Thanks for all the feedback.
You have given me several ideas that I had not tried.
I think my next project will be a miter tray.


----------



## ChuckM (May 12, 2008)

Not sure if this has been covered - no matter how accurate your mitre saw or tablesaw is accurately set to cut 45, if your stock isn't properly jointed and/or planed, you may not get a perfect mitre because when you hold the 'bad' stock to the fence and do the cut, it's not a 45 cut even though your blade is set to the fence at 45.


----------



## juniorjock (Feb 3, 2008)

ChuckM, you've made one of the best points so far in this thread. If someone buys some pine from the big box store and takes it home, you'd have to be pretty luck to get perfect miters.


----------



## sIKE (Feb 14, 2008)

Make yourself a 45 degree Shooting Board and tune your cut on it.


----------



## patron (Apr 2, 2009)

simple test for all 45 deg. cuts .
with straight and parallel board cut across at angle ,
invert 1 piece and check with good square , if cut is not aligned they will not make 90 deg.
adjust acordingly .
workes with chopsaws , tablesaws , or whateversaw .
always test with same board inverted , start withlonger board and work from end , so you got some left
to cut until you get it right
there is a miter guide for tablesaw that has a square head to cut corresponding right and left miters .


----------



## Blake (Oct 17, 2007)

I have found that the easiest way to get perfect miters in stock 3/4" or less is on a router table with a 45 deg. chamfer bit. You don't have to worry about the angle… it is set by the router bit.


----------



## kimball (May 16, 2009)

Mike, 
I agree with a1 Jim. Miter saws jusy can't hold the close tollerances that you are looking for. I you have access to a radial arm saw, give that a try. My Craftsman 10" holds closer tollerances than my DeWalt 12
" sliding compound miter saw. Good luck. Oh and watch out for any sawdust build along fense.
Kimball


----------



## TimmyP (Sep 13, 2011)

I'm working on a project wherein I'm using mitered corners - my first big attempt at mitering! However, I'm trying to cut the miters by hand, and the corners of the main unit (built long ago) aren't exactly square. It took a lot of sawing, filing, sanding, and cursing to get the corners to even come close to fitting together. I'm starting to glue things up, but I'm not pleased with the one corner I've put together…don't know if things are salvageable!


----------



## Gene01 (Jan 5, 2009)

Tim_456 has the right approach when using a miter saw. If a "45 degree" joint is cut on both sides of the blade, it must be a 90 when complete. Kimball also makes a good point. A 12" blade on a miter saw is often less accurate than a 10". 
I have yet to try Blake's method, but I'm going to. Most of my boxes have 3/8 - 1/2 components. That shouldn't pose a problem at the router table. A 3/4 chunk would probably be best cut at the CMS and cleaned up on the RT.


----------



## Flyin636 (Jul 29, 2011)

You're getting good advice above….........and theres plenty of technical AND practical nuance's that have an effect,duh.

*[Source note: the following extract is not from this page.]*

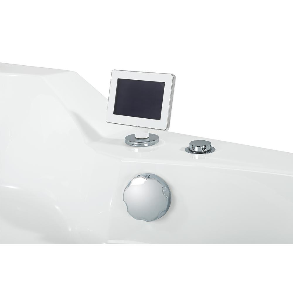The Ariel HW123 whirlpool bathtub will add luxury and offer the ultimate in relaxation for enjoyment in your home bathroom. This spa holds up to 92 Gal. Of water and includes 2 headrests to accommodate 2 people in the unit. The acrylic and fiber glass construction is easy to clean and has a long life. 14 jet system is controlled via the computer control panel. The audio function is controlled with the use of the computer control panel. The solid brass tub filler and the 5 mm tempered glass panel on the front of the unit add unique accents to this whirlpool bathtub model. Indulge in the elegance and relaxation available to you with the Ariel HW123 whirlpool bathtub. Controls the water temperature display, water pump, air blower, heat pump FM/Bluetooth, LED underwater light, color and brightness adjustable. 2 removable cushioned pillows.

Just posted to say…..check to see if your fence is straight.Have seen many a "chopbx" with a noticiable bend in the fence.If cutting in the middle of a board it gets "averaged" out….but when you're cuttin at an end….it can amt to enough error to skew a joint.Its been so prevelant of late…that its become my first check on new or problem bxs.Good luck,636


----------



## thebigvise (Jun 17, 2010)

I'm with a1Jim and the others who mentioned jig. Once the jig is properly made and tuned-including no-slop adjustments on the miter bar-you are off and running.


----------



## Loren (May 30, 2008)




----------



## EandS (Aug 29, 2011)

I agree 100% with a1jim, tablesaw sled is the way I always go. If I do in some case use a power mitre box, or mitre gauge in the TS I make a series of test cuts on a scrap to get the 45 just right. I make a cut and check it with a combination square. I do the same thing when setting the TS up for bevel cuts.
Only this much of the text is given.